DTS Integration Guide
This document lists all of the components that the Data Transfer System (DTS) expects from any database with which it interacts. Your organization must implement each of these components in order to integrate its database(s) with the DTS in order to take advantage of its file and metadata transfer capabilities.
We have tried to cover all the necessary topics comprehensively here, but there's no substitute for a real person when confusion arises, so please don't hesitate to contact the KBase DTS development team with your questions. Take a look at the DTS Integration Glossary for an explanation of the terminology used in this guide.
The guidance we present here is not intended to be prescriptive. We provide suggestions and examples of technical components to illustrate how your organization can integrate a database with the DTS, but in actuality the DTS is designed to be flexible and can accommodate various implementations. For example, we may be able to adapt existing capabilities for DTS integration in certain situations.
NOTE: Currently, the DTS supports the transfer of public flies only. We're gathering information and starting to plan for transferring private and embargoed data, though, and we'd love to get your input, so if you're interested in this capability, please reach out to us!
Overview
The DTS provides a file transfer capability whose organizational unit is individual files. We're not in the business of telling researchers how to do their jobs, and everyone in the business knows how to use a filesystem. If your organization's data is stored directly in a database and not as files, the DTS team can work with you to find the most appropriate way to write data to files upon request for transfer.
If you're reading this, you're probably interested in making your data available to the DTS, and/or being able to receive data from other participating databases. How exactly does the DTS communicate with these databases? Here's what the DTS needs to navigate your organization's database.
Here's a brief summary of what's needed to connect your database with the DTS. The sections that follow describe each of these items in more detail.
- Every file (resource) in the database has a unique identifier. The
identifier can be any string (including a sequence of digits), as long as
that string refers to exactly one file. The DTS prepends an abbreviation for
your organization or database to the string to create its own namespaced
unique identifier. For example, JGI's Data Portal (JDP) has a file with the
identifier
615a383dcc4ff44f36ca5ba2
, and the DTS refers to this file asJDP:615a383dcc4ff44f36ca5ba2
. This is mostly a matter of policy, but it's important to establish an unambiguous way to refer to individual files. - Your database can provide information about a file (resource) given its unique identifier. Specifically, the database provides a resources endpoint that accepts an HTTP request with a list of file IDs, and provides a response containing essential informatŃ–on (the file's location, its type and other important metadata) for each of the corresponding files.

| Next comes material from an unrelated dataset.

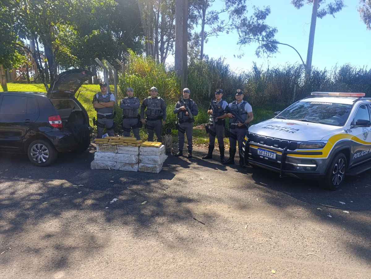 Durante operação conjunta com a Força Integrada de Combate ao Crime Organizado e com o Canil do 9º foi abordado um VW/Fox ocupado por um casal e na vistoria veicular no porta-malas do veículo os Policiais localizaram grande quantidade de tijolos de maconha, totalizando 208 kg; os Policiais constataram também que o automóvel havia sido furtado no dia 17/04/2025 em Ribeirão Preto. Droga e veículo apreendidos e traficantes presos em flagrante, sendo encaminhados para a Polícia Federal de São José do Rio Preto.

- Given a search query, your database can identify matching files and return a list of IDs for these files. In other words, the database provides a search endpoint that accepts an HTTP request with a query string, and produces a response containing a list of matching file IDs. This endpoint allows a DTS user to select a set of files expediently.
- Your database must provide a staging area visible to a supported file transfer provider, such as Globus. The DTS coordinates file transfers, but does not handle the transfer of data by itself. For this, it relies on commercial providers like Globus, Amazon S3, and iRods. In order for the DTS to be able to transfer your organization's data, you must make a staging area available for transferred files that is visible to one of these providers.
- If necessary, your database can move requested files (resources) to its staging area where the DTS can access them for transfer. If your organization archives data to long-term storage (tapes, usually), the DTS needs to be able to request that this data be restored to a staging area before it can get at them. Your database must provide a staging endpoint that accepts an HTTP request with a list of resource IDs and returns a UUID that can be used to query the status of the staging task. Additionally, your database must provide a staging status endpoint that accepts an HTTP request with a staging request UUID and produces a response that indicates whether the staging process has completed.
- Your database can map ORCID IDs to local users within your organization. Every DTS user must authenticate with an ORCID ID to connect to the service. To establish a connection between the ORCID ID and a specific user account for your organization, your database must provide a user federation endpoint that accepts an HTTP request with an ORCID ID and produces a response containing the corresponding username for an account within your system. This federation process allows DTS to associate a transfer operation with user accounts in the organizations for the source and destination databases.
If your organization has existing services that provide similar capabilities but use different conventions, or if you have other technical considerations, please contact the DTS team to discuss how we can make the best of what you have.